Seperti yang diuraikan di atas bahwa pemilik tanah yang sistem hukum tanahnya
menggunakan asas perlekatan, selain memberikan kewenangan kepada pemilik
unutuk menggunakan tanahnya juga berkewenangan pula terhadap ruang udara
yang ada di atasnya serta berhak atas ruang bawah tanah (right bellow the surface
of land). Hak ini meliputi right to minerals deposit, rights to items found in the
land , and right to spaces below the surface, dan karenanya penggunaan atas
ruang tersebut tanpa ijin dari si pemiliknya dipandang sebagai bentuk gangguan
atau pelanggaran terhadap hak atas tanahnya.[1] Hal ini nampak dalam
kasus The Metropolitas Rail Way Co lawan Fowler dan kasus Grigsby lawan
Melville. Dalam perkembangannya right bellow the surface of land tidak lagi
diartikan memiliki kewenangan sampai batas yang tak terkira terhadap ruang
bawah tanah. Ada pembatasan yang ditentukan dalam peraturan perundangan
seperti yang terjadi di New South Wales, Australia. Beberapa ketentuan yang
dijumpai di wilayah tersebut antara lain The Helesburgh Leases Act Tahun 1911,
Western Land Acts Tahun 1901, serta Crown Lands (Continued Tenures) Act Tahun
1989. yang menentukan kedalaman tanah yang bisa memberi wewenang kepada si
pemiliknya sampai dengan 500 (lima ratus) kaki.
Pada masa sebelum tahun 1960, Indonesia mengenal adanya dualisme hukum di
bidang Hukum Agraria (termasuk di dalamnya hukum pertanahan) dengan
diberlakukan secara bersama-sama Hukum Barat dan Hukum Adat. Pemberlakuan
terhadap hukum-hukum tersebut didasarkan pada pembagian golongan
kependudukan yang ditetapkan dalam pasal 131 dan 163 IS (Indische Staats
Regeling). Berdasarkan ketentuan ini bagi golongan Eropah dan Timur asing,
terhadap masalah pertanahan diberlakukan hukum barat yang perwujudannya
dijumpai, antara lain dalam Agrarische Wet 1870 (Staatblad 1870 nomor 55)

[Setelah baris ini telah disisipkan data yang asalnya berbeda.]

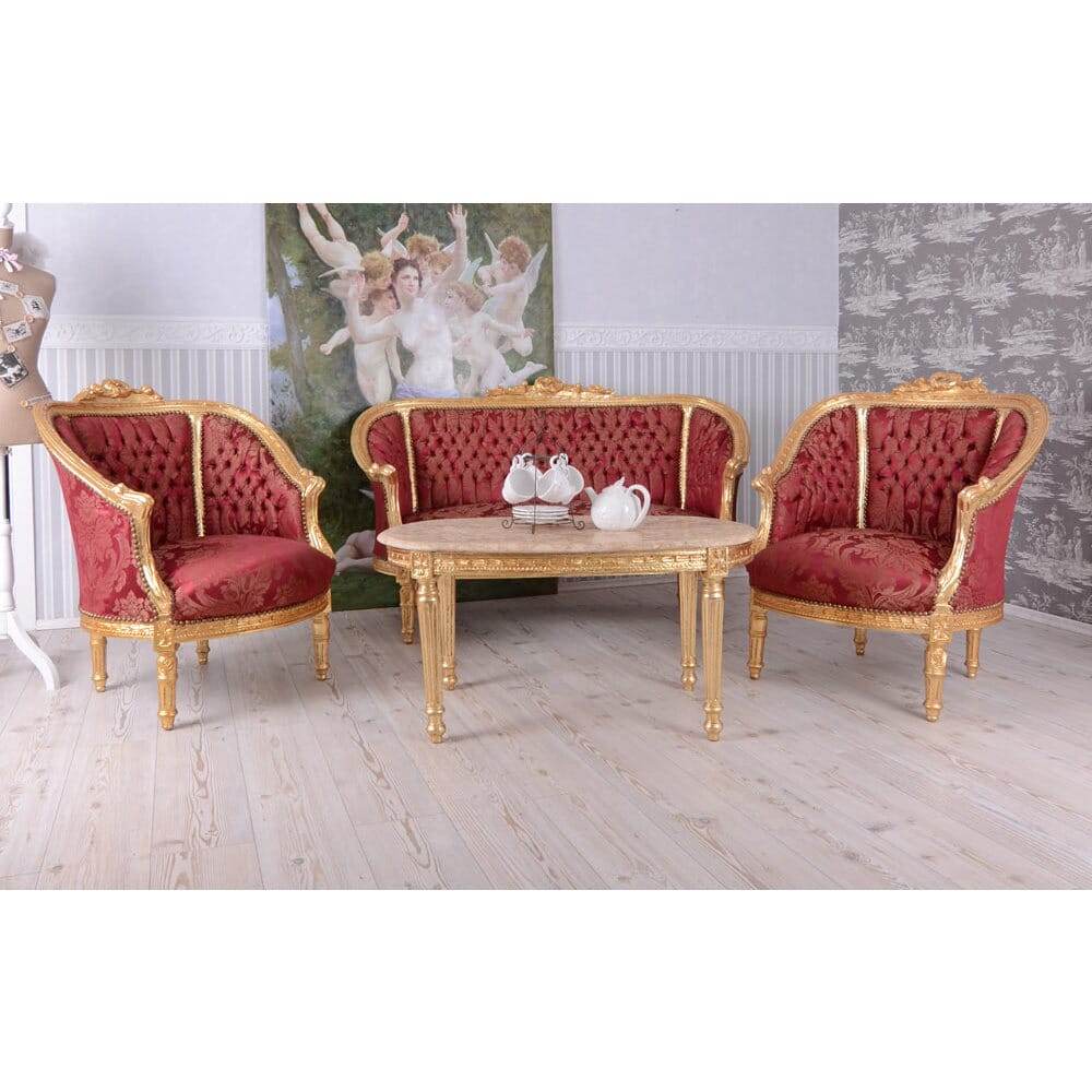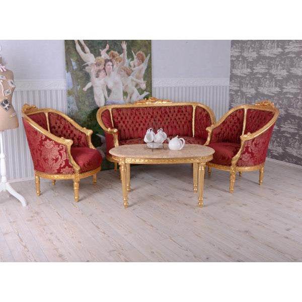 SITZGRUPPE BAROCK SALONGARNITUR SOFA & ZWEI SESSEL TISCH MARMORPLATTE
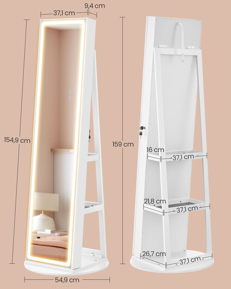 Armoire à bijoux avec miroir LED - Miroir sur pied avec rangement
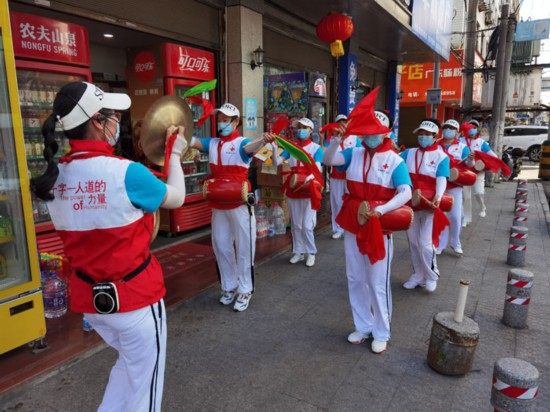 用腰鼓隊宣傳疫情防控工作,這樣別出心裁的宣傳方式,吸引了沿路居民駐足觀看,不少群眾也深受感染,紛紛表示要從自身出發,出門戴好口罩,勤洗手、不聚集,積極做好防疫。志愿者吳小平介紹,眼下疫情形勢緊張,為了讓防疫知識深入人心,隊員放下手頭的事情排演腰鼓節目,用朗朗上口的語言和振奮人心的腰鼓聲,把防疫知識傳達給千家萬戶。
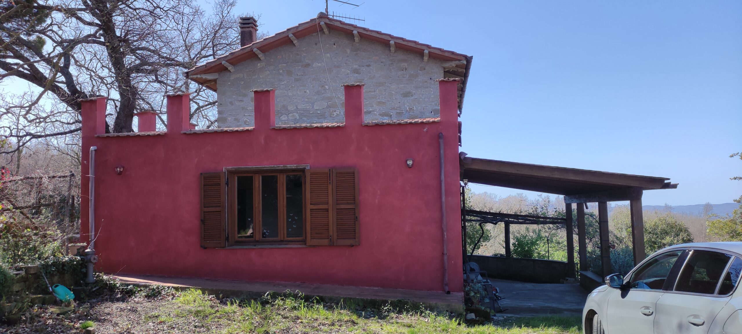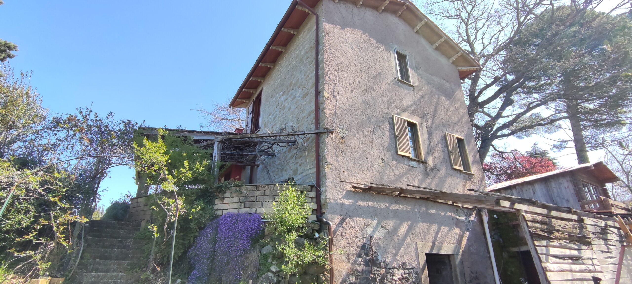 Completano la proprietà circa 70 mq di magazzini e depositi attrezzi, utilissimi per chi desidera coltivare, fare piccoli lavori o semplicemente avere spazio di servizio, e un terreno di circa 4.000 mq con alcune piante da frutto. Il giardino immediatamente intorno alla casa è più pianeggiante e fruibile, mentre il resto del terreno scende in pendenza, ideale per chi sogna un angolo di natura autentica, senza rinunciare alla comodità dell’accesso diretto dalla strada.
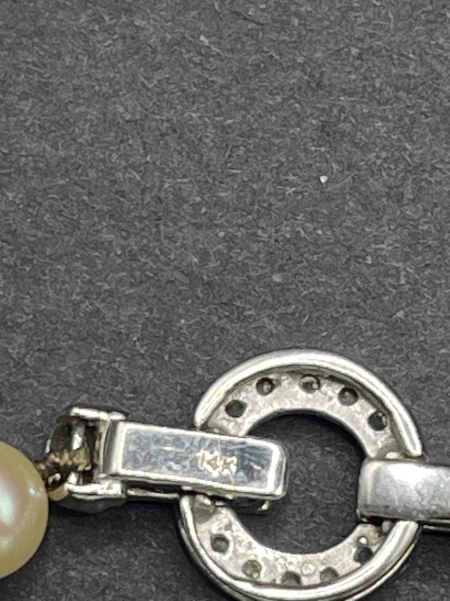 Pearl bracelet with white gold and dimaond clasp. Marked 14K. Good condition. 7 1/2"
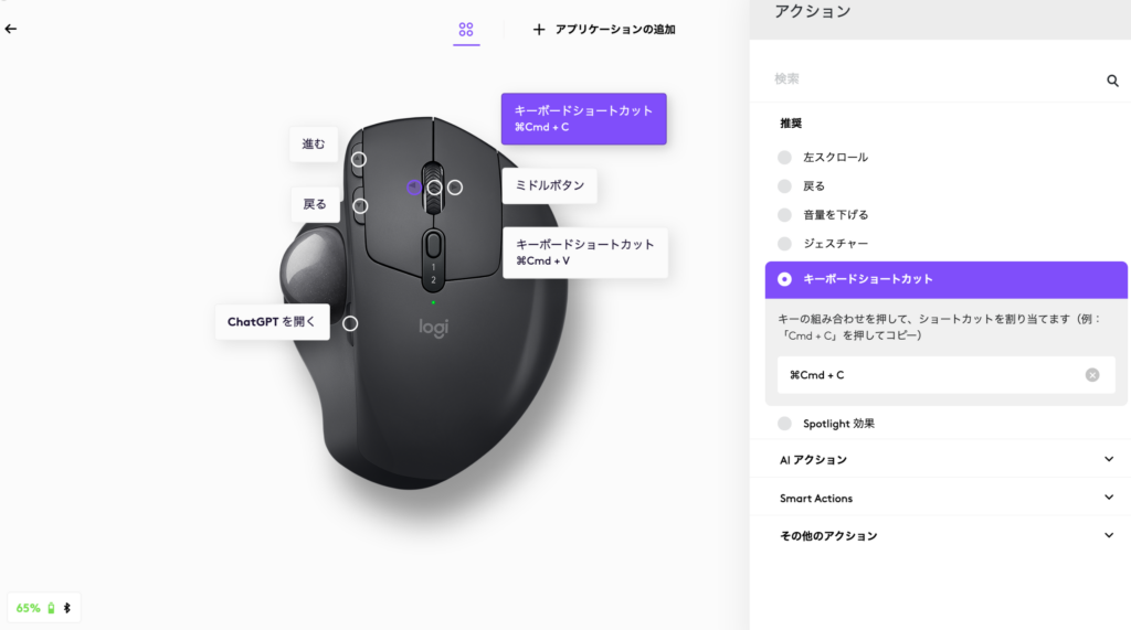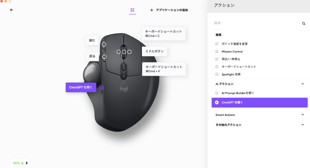 トラックボールマウスは他にも選択肢があるが、今のところ安定して使いやすいのはMX Ergo Sくらいじゃないだろうか。特にソフトウェアが使いやすく、初心者でも簡単にカスタマイズできるはずだ。またワンボタンでChatGPTを呼べるのが便利すぎるので、これだけでも他社製品より優位に立っている気がする。
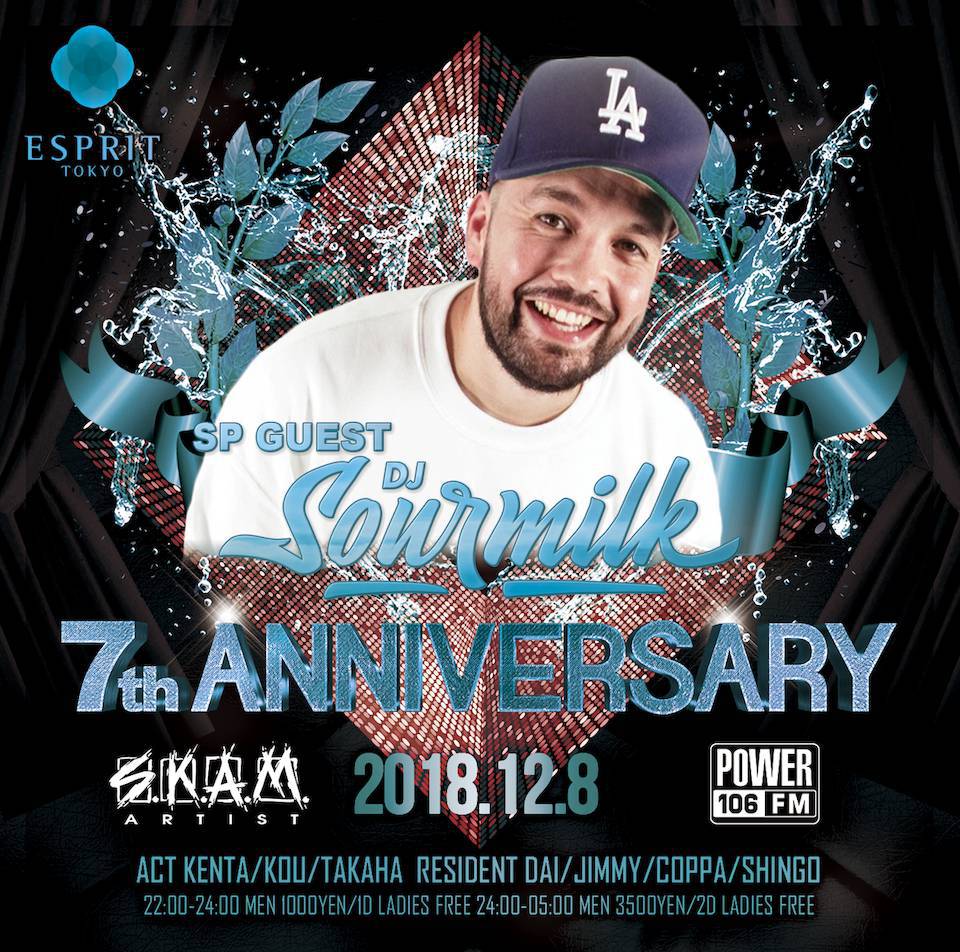 ロサンゼルスの人気ラジオ番組『POWER 106』にレギュラー番組を持ち、ラスベガスの超人気クラブJEWELでもレジデントを務め最近ではTYGAのオフィシャルDJにもなったS.K.A.M. ARTISTのトップ『DJ Sourmilk』のラスベガス、ロサンゼルスで活躍する彼がESPRITの7周年に華を添えるでしょう
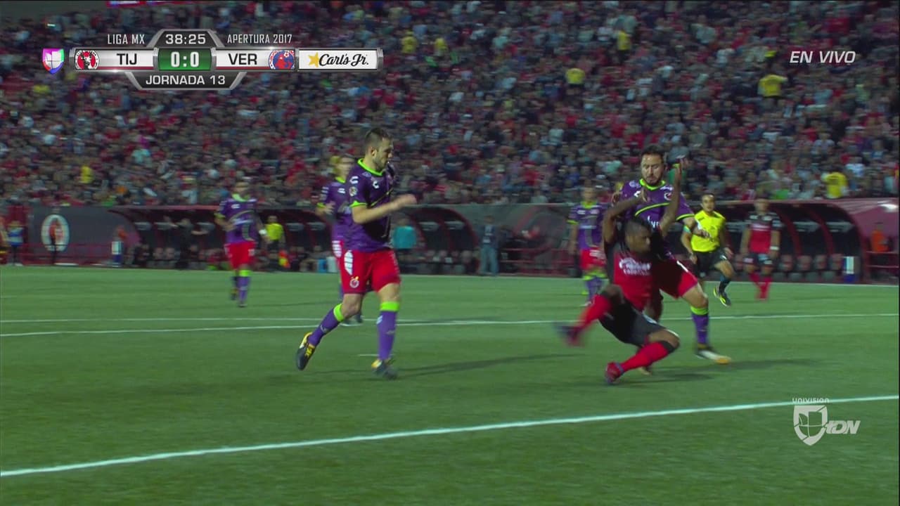 Son los mejores minutos de Tijuana, que buscando al atacante ecuatoriano se acerca con peligro al arco de Veracruz.

sebagaimana yang termuat dalam pasal 51 wet op de Staat-sinrichting van
Nederlands Indie (Staatblad 1925 nomor 447), Agrarische Besluit 1870 (Staatblad
1870 nomor 118), serta ketentuan BW (Burgerlijk Wet Boek). Tanah oleh BW
dipandang sebagai bagian dari Benda (benda tidak bergerak). Oleh karena itu,
pengaturan terhadap masalah pertanahan bagi golongan Eropah dan Timur Asing
akan tunduk pada ketentuan Buku II BW yang berisi tentang hukum benda, yang
dalam pengaturannya menggunakan asas perlekatan seperti yang diatur
dalam pasal 500, 506 dan 507 BW .
Dari uraian di atas menampakan bahwa walaupun saat itu Hukum Barat dan Hukum
Adat memiliki asas yang berbeda, namun keduanya diberlakukan pada masa atau
waktu yang sama untuk masing masing golongan yang ditentukan dalam pasal 131
IS. Sangat dimungkinkan terhadap hak atas tanah yang tunduk pada Hukum Adat
akan menjadi obyek perbuatan hukum yang melibatkan subyek yang tunduk pada
Hukum Barat, bisa demikian sebaliknya. Jika terjadi demikian, akan diselesaikan
lewat hukum antar golongan. Hanya saja yang perlu mendapatkan perhatian,
bahwa penguasaan dan atau pemilikan tanah oleh golongan penduduk tertentu
melalui proses peralihan hak, tidak akan mengubah status atau kedudukan dari hak
atas tanahnya. Tanah yang tunduk pada hukum adat tidak akan berubah
kedudukan dan statusnya, hanya karena yang menguasai atau memiliki tanah
tersebut adalah subyek yang berasal dari Golongan Eropah.